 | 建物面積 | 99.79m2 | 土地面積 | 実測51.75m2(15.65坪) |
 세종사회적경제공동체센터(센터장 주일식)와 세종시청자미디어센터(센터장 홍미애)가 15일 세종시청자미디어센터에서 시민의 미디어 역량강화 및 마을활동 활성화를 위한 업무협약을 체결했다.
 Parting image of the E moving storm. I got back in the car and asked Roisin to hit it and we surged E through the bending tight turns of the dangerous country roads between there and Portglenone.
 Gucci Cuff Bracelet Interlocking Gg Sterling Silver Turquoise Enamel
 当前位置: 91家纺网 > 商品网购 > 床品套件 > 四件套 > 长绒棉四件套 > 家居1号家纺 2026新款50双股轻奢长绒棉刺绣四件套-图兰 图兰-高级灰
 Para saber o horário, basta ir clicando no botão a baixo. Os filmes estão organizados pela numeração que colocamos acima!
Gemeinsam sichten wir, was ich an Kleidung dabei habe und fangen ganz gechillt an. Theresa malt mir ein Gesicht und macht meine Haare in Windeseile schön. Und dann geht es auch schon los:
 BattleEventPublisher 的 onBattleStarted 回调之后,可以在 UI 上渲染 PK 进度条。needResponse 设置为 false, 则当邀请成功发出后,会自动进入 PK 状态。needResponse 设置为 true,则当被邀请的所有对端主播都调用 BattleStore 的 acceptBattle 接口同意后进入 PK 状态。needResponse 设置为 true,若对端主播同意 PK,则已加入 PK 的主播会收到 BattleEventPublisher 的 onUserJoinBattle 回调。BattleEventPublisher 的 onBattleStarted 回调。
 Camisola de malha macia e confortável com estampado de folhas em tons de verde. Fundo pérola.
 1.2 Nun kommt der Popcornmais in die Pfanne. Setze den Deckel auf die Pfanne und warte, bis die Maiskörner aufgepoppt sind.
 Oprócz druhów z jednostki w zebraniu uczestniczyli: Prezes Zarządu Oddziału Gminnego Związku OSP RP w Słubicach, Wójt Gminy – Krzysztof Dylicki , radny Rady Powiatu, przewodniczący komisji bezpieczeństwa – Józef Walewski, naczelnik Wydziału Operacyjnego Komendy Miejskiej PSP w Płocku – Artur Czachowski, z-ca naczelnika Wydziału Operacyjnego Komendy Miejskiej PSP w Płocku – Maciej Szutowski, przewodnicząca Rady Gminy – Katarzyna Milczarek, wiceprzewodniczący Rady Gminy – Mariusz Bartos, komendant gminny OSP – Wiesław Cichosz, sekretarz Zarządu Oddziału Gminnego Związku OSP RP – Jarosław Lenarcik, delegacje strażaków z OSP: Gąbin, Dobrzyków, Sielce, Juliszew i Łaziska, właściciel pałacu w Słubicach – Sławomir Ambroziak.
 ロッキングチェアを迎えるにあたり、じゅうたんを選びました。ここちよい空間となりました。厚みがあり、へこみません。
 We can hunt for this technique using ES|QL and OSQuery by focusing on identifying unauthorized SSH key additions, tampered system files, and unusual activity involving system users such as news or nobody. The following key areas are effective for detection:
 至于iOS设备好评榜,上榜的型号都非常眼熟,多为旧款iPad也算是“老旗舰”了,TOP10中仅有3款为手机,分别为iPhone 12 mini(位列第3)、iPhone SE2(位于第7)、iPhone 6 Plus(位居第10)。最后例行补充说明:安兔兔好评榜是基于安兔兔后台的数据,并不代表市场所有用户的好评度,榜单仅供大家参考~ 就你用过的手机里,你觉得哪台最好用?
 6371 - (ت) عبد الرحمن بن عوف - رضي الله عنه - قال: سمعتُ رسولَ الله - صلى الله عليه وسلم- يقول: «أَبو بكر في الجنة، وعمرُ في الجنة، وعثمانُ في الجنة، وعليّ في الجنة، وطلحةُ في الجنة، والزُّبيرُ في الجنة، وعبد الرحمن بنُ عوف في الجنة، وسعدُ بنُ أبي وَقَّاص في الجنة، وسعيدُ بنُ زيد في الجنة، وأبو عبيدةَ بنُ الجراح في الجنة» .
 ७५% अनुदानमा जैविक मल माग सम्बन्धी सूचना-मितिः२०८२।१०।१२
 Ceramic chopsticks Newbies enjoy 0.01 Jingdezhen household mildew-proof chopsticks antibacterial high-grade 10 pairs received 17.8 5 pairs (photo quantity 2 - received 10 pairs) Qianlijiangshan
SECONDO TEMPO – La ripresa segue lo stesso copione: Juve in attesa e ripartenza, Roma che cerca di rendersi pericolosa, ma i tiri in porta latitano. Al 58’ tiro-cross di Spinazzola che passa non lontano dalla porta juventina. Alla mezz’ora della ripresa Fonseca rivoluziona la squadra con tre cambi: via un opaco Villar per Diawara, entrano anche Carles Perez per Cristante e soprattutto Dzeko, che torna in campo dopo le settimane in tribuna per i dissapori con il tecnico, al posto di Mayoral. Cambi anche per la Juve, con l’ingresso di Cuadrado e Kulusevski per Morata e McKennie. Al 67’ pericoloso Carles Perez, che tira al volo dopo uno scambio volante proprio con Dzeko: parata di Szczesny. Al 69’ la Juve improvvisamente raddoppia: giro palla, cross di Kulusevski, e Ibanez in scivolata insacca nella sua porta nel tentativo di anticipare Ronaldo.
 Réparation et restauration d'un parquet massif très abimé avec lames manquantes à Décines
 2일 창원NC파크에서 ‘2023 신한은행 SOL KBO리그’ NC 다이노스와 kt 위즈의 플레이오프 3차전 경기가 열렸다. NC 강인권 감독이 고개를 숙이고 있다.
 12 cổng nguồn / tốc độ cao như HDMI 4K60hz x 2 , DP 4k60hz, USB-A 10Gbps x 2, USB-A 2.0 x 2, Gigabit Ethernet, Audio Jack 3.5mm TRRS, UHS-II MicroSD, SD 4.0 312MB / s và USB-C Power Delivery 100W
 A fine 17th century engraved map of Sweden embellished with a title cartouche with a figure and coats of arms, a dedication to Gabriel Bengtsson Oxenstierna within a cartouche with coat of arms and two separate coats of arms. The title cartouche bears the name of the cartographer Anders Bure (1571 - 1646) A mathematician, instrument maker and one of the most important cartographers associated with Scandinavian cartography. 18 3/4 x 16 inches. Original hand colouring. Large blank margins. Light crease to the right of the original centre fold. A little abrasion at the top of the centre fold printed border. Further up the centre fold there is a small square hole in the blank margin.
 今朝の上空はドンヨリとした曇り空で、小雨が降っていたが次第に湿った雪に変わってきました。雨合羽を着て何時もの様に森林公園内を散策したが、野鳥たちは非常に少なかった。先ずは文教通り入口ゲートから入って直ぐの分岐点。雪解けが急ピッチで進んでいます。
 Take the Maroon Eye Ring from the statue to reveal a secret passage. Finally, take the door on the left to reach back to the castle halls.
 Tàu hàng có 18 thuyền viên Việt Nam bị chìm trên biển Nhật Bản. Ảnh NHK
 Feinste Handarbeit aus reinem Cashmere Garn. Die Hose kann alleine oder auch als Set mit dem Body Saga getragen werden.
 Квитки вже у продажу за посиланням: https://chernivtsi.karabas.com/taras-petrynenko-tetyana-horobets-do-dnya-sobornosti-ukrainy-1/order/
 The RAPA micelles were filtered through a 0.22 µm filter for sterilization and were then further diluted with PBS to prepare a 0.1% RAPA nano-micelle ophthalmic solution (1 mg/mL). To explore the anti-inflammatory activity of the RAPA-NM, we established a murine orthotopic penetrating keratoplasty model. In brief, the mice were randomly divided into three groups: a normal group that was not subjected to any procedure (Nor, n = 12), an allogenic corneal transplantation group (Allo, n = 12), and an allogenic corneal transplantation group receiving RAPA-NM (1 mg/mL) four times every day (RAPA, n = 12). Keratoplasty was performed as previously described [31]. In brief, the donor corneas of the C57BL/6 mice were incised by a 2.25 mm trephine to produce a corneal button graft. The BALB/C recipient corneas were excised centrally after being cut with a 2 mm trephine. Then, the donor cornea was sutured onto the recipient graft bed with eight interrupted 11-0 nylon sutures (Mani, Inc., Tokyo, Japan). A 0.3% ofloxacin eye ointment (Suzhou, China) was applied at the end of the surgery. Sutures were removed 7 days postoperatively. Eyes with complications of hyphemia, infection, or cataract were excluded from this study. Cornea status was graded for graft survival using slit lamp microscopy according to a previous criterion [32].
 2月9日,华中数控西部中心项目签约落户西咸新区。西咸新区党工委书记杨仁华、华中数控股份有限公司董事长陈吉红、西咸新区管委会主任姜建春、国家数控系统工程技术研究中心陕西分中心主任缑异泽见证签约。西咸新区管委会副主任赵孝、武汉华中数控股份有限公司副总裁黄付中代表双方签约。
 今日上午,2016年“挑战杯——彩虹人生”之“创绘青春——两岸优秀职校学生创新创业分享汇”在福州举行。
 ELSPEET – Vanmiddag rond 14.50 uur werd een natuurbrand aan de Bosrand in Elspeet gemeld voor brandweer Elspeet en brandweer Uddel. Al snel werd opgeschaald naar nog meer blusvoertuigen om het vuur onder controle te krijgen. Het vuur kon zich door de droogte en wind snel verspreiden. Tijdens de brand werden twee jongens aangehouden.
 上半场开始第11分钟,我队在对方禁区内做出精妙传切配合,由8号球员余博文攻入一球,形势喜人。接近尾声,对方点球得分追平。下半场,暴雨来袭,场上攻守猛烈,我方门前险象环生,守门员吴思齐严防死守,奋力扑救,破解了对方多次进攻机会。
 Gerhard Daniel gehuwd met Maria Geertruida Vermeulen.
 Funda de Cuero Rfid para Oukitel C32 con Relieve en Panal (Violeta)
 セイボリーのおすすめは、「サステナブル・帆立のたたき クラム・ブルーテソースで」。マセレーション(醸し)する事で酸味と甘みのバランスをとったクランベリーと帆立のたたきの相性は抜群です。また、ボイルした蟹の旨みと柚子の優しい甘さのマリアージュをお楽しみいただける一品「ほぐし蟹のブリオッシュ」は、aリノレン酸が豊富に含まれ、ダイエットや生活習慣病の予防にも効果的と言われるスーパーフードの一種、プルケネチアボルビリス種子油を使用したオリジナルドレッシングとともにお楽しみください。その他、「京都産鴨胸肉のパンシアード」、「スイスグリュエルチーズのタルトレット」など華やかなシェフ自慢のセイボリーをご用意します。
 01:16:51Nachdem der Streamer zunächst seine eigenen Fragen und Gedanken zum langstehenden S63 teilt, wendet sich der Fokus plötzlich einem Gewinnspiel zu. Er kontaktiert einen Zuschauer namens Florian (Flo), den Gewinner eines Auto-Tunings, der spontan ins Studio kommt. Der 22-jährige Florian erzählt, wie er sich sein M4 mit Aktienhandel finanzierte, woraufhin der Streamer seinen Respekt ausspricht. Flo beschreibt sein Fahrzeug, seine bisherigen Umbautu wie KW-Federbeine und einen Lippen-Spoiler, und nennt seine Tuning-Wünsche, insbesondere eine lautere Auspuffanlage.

### Exercise
Please print the records above exactly from their first line. End with the line containing "ロッキングチェアを迎えるにあ", and include it.

### Solution for this task
 | 建物面積 | 99.79m2 | 土地面積 | 実測51.75m2(15.65坪) |
 세종사회적경제공동체센터(센터장 주일식)와 세종시청자미디어센터(센터장 홍미애)가 15일 세종시청자미디어센터에서 시민의 미디어 역량강화 및 마을활동 활성화를 위한 업무협약을 체결했다.
 Parting image of the E moving storm. I got back in the car and asked Roisin to hit it and we surged E through the bending tight turns of the dangerous country roads between there and Portglenone.
 Gucci Cuff Bracelet Interlocking Gg Sterling Silver Turquoise Enamel
 当前位置: 91家纺网 > 商品网购 > 床品套件 > 四件套 > 长绒棉四件套 > 家居1号家纺 2026新款50双股轻奢长绒棉刺绣四件套-图兰 图兰-高级灰
 Para saber o horário, basta ir clicando no botão a baixo. Os filmes estão organizados pela numeração que colocamos acima!
Gemeinsam sichten wir, was ich an Kleidung dabei habe und fangen ganz gechillt an. Theresa malt mir ein Gesicht und macht meine Haare in Windeseile schön. Und dann geht es auch schon los:
 BattleEventPublisher 的 onBattleStarted 回调之后,可以在 UI 上渲染 PK 进度条。needResponse 设置为 false, 则当邀请成功发出后,会自动进入 PK 状态。needResponse 设置为 true,则当被邀请的所有对端主播都调用 BattleStore 的 acceptBattle 接口同意后进入 PK 状态。needResponse 设置为 true,若对端主播同意 PK,则已加入 PK 的主播会收到 BattleEventPublisher 的 onUserJoinBattle 回调。BattleEventPublisher 的 onBattleStarted 回调。
 Camisola de malha macia e confortável com estampado de folhas em tons de verde. Fundo pérola.
 1.2 Nun kommt der Popcornmais in die Pfanne. Setze den Deckel auf die Pfanne und warte, bis die Maiskörner aufgepoppt sind.
 Oprócz druhów z jednostki w zebraniu uczestniczyli: Prezes Zarządu Oddziału Gminnego Związku OSP RP w Słubicach, Wójt Gminy – Krzysztof Dylicki , radny Rady Powiatu, przewodniczący komisji bezpieczeństwa – Józef Walewski, naczelnik Wydziału Operacyjnego Komendy Miejskiej PSP w Płocku – Artur Czachowski, z-ca naczelnika Wydziału Operacyjnego Komendy Miejskiej PSP w Płocku – Maciej Szutowski, przewodnicząca Rady Gminy – Katarzyna Milczarek, wiceprzewodniczący Rady Gminy – Mariusz Bartos, komendant gminny OSP – Wiesław Cichosz, sekretarz Zarządu Oddziału Gminnego Związku OSP RP – Jarosław Lenarcik, delegacje strażaków z OSP: Gąbin, Dobrzyków, Sielce, Juliszew i Łaziska, właściciel pałacu w Słubicach – Sławomir Ambroziak.
 ロッキングチェアを迎えるにあたり、じゅうたんを選びました。ここちよい空間となりました。厚みがあり、へこみません。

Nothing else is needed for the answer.